The holy month of Ramadan began on Tuesday. Ramadan is a time for reflection and spiritual growth, and thousands of Texas Muslims will take part by fasting in the during the day, breaking that fast and praying in the evening.
Muslims are a fast-growing community in the state; there are at least 420,000 Muslims in Texas today.
But Austin-based Imam Islam Mossaad says the community was much smaller when he was growing up in Austin in the late 1970s and ’80s. Mossaad was born in the United States to Egyptian parents who came to the here so his father could pursue his Ph.D. in electrical engineering at the University of Texas at Austin. Back then, the city only had one mosque, started by Muslim UT graduate students who worshiped in a house they had converted. Now the city has 10 mosques, and Mossaad’s congregation, the North Austin Muslim Community Center, has about 2,000 worshipers for Friday prayers.
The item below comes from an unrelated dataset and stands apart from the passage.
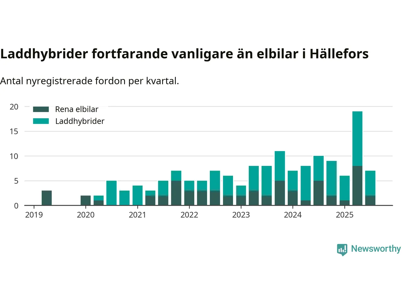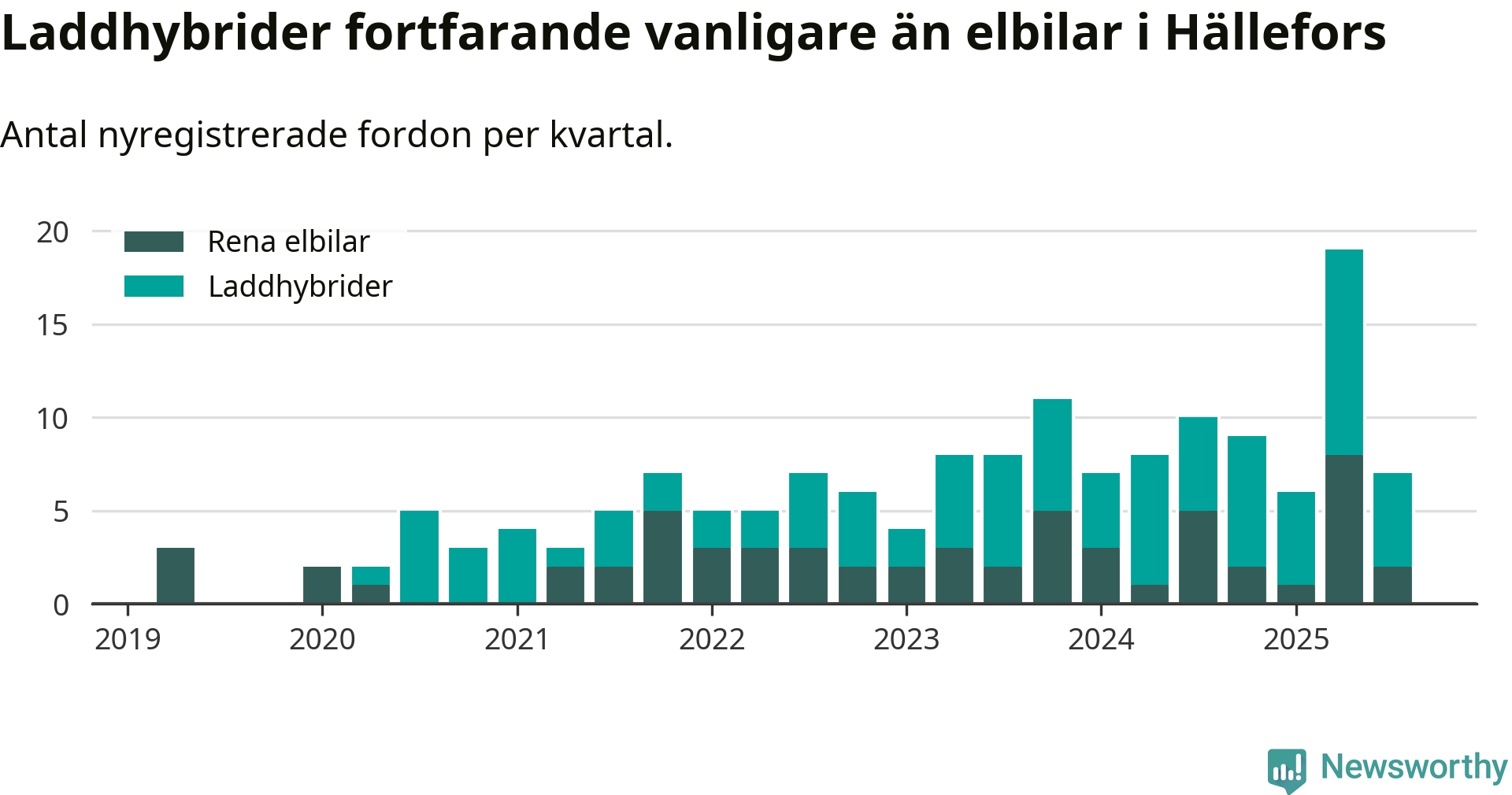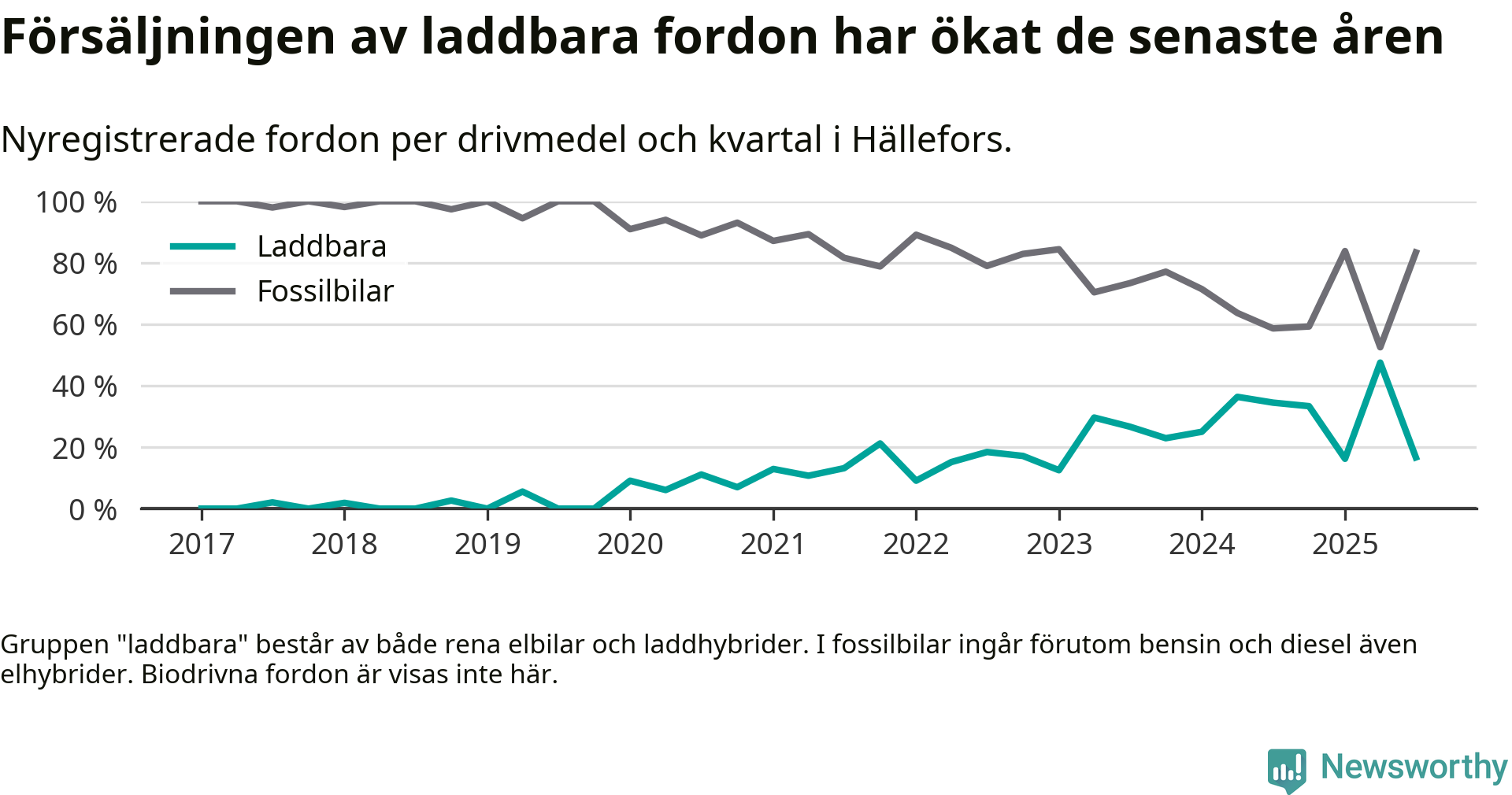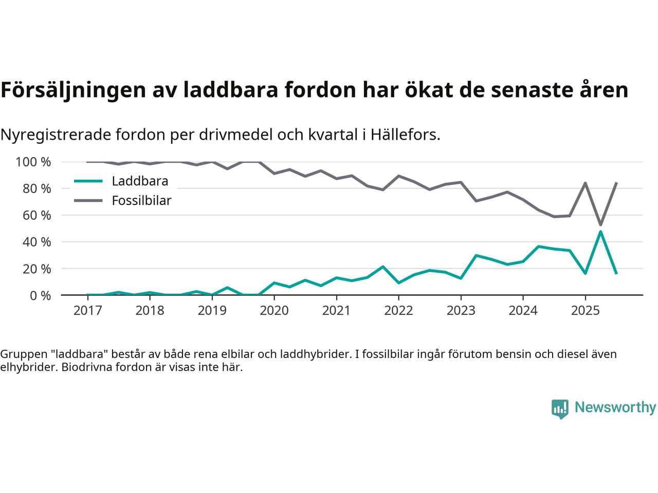 I Hällefors minskade andelen laddbara bilar under tredje kvartalet jämfört med kvartalet innan. Nyregistreringen peakade under andra kvartalet 2025 då 48 procent av de nya bilarna var laddbara.

“Really, our community has probably 80 different countries of origin, including people from right here in the United States, for generations. But we also have a growing number of people who have converted to Islam,” Mossaad told Texas Standard.
There are other signs of the community’s growth. For example, Mossaad says many Texas restaurant and food businesses now offer halal options; some banks offer mortgages that follow Islamic principles; and schools are more willing to recognize Islamic holidays and accommodate Muslim student during those times.
“It’s not about permission to practice your faith. It’s the recognition that you are part of who we are as a society,” Mossaad said.
With growing visibility has also come hard times. When Mossaad was growing up, he says he often felt excluded because of his background.
“Even though my parents came from Egypt, I am from the United States, and people would treat me differently at school,” Mossaad said. “Sometimes when those events would happen, there’s this assumption that, oh, it’s the other and the other is somehow an adversary or an enemy.”
And then there were the 9/11 terror attacks, which Mossaad says led to some “very extreme” instances of retaliation and discrimination against innocent Muslims. But, he says, there were also powerful instances of solidarity.
“We had Christian women come and say, ‘we will walk alongside Muslim women who are wearing the headscarf when they go out in public’ so that nobody would cause them any kind of grief,” Mossaad said. “So there was this tremendous, beautiful spirit of America that also came out right after 9/11.”
He says Muslims also fought against post-9/11 xenophobia by becoming “less insular.” His mosque offered “Muslim 101” classes to anyone who was interested. The intent was to take the “mystique” out of the mosque, he says, at a time when Islamophobia was rampant.
This Ramadan, Mossaad will take part in the internal reflection that is a central aspect of the holiday. It’s a time when he says he often gets spiritual epiphanies. Some worshipers even sequester themselves in the mosque during the last 10 days of Ramadan to go deeper with their spiritual practice.
“After those 10 days are over, they come out into the world again and they engage the world,” Mossaad said. “And that’s really the spirit of Islam: it has an internal dimension, but then it has the dimension of trying to bring good into the world around us with effort and with struggle.”